Background
Acupoints used in treatment may
or may not be in the same area of the body as the targeted
symptom. The TCM theory for the selection of such points and their effectiveness
is that they work by stimulating the meridian system to bring about
relief by rebalancing yin, yang and qi (also
spelled "chi"). This theory is based on the
paradigm of TCM, not that of science. Many East Asian
martial arts also make extensive study and
use of acupressure for self-defense and health purposes (chin na, tui na).

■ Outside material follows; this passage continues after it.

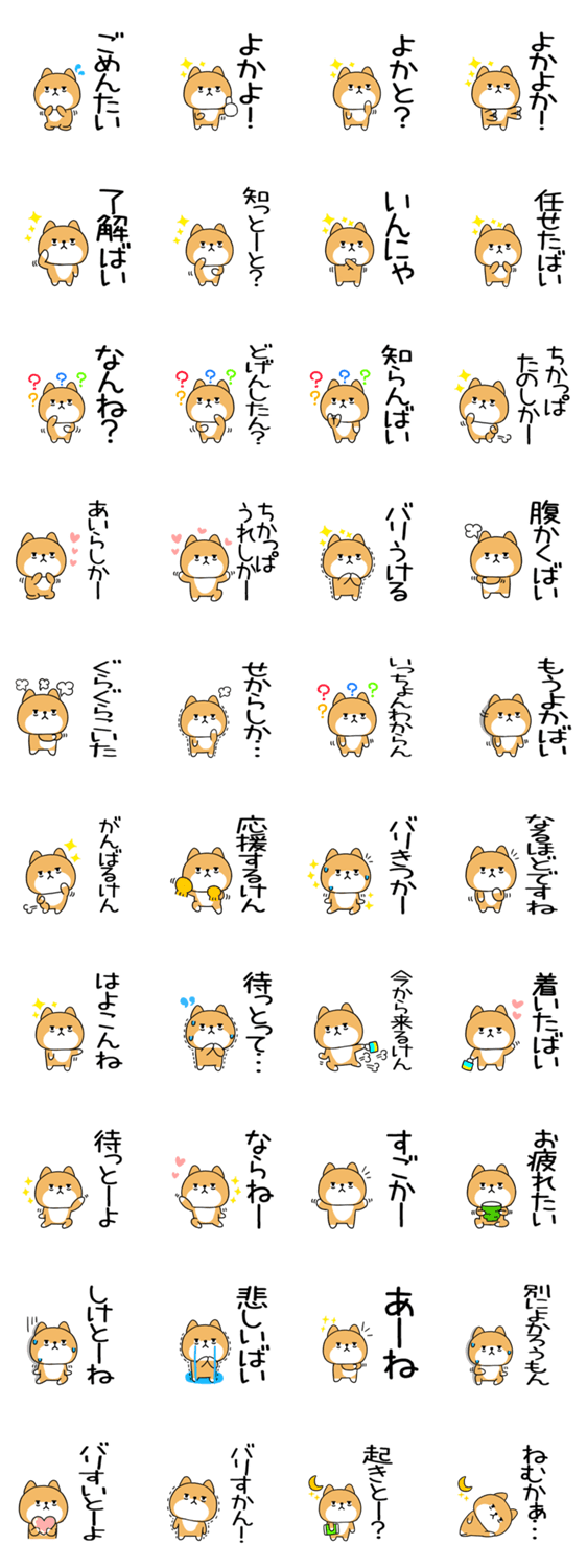 柴犬のデカ文字の博多弁のスタンプです 大文字で読みやすい★毎日使える スタンプ★日常会話スタンプ★もるきゅた 作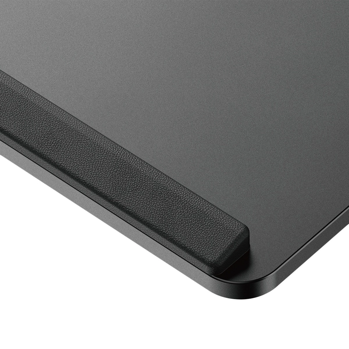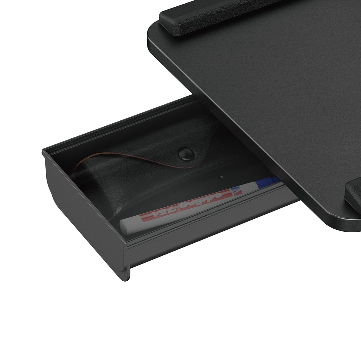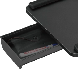 De geïntegreerde uittrekbare zijlade biedt plek voor kleine accessoires en de verhoogde randen rondom voorkomen dat toetsenbord of muis eraf glijden.

The points or combinations of points are said to be used
to manipulate or incapacitate an opponent. Also,
martial artists regularly massage their own
acupressure points in routines to remove blockages from their own meridians,
claiming to thereby enhance their circulation and flexibility and keeping
the points "soft" or less vulnerable to an attack. Attacking
the acupressure points is one theme in the
wuxia genre of movies and novels. Acupressure
might work via release of endogenous opioid
analgesics such as enkephalin, endorphin
and dynorphins leading to alleviation of pain. Acupressure is
considered to be a safe form of therapy and side effects are rare.
Research
A preliminary randomized trial of Tapas
Acupressure Technique (TAT) found a possible weak correlation with weight
loss maintenance using TAT versus Qigong
or self-directed support, suggesting that
TAT might outperform the other methods
studied. The results were not statistically
significant, but a separation test indicated
that further study is warranted. A full randomized trial of TAT versus standard
weightloss management intervention is currently being conducted, funded by
the NCCAM. An acupressure wristband that is claimed to relieve the symptoms
of motion sickness and other forms of nausea is available. The band is designed
to provide pressure to the P6 acupuncture point,
a point that has been extensively
investigated. The Cochrane Collaboration, a
group of evidence-based medicine (EBM) reviewers, reviewed
the use of P6 for nausea and vomiting, and found it to be effective
for reducing post-operative nausea, but
not vomiting. The Cochrane review included various means of stimulating
P6, including acupuncture, electro-acupuncture, transcutaneous
nerve stimulation, laser stimulation, acustimulation device and acupressure;
it did not comment on whether one or more forms of stimulation
were more effective. EBM reviewer Bandolier said that P6
acupressure in two studies showed 52% of patients with control
having a success, compared with 75% with P6 acupressure. One author
of an article published in the Scientific
Review of Alternative Medicine disagreed. A
Cochrane Collaboration review found that massage provided some long-term
benefit for low back pain, and said: It seems that acupressure or
pressure point massage techniques provide more relief
than classic (Swedish) massage, although more research is needed to confirm
this.
Criticism of TCM theory
Clinical use of acupressure
frequently relies on the conceptual framework
of Traditional Chinese Medicine (TCM), which some scholars have characterized
as pseudoscientific. There is no physically verifiable anatomical or histological
basis for the existence of acupuncture
points or meridians. Proponents reply that TCM is a prescientific
system that continues to have practical relevance. Acupuncturists tend to
perceive TCM concepts in functional rather than structural terms (e.g.,
as being useful in guiding evaluation and care of patients).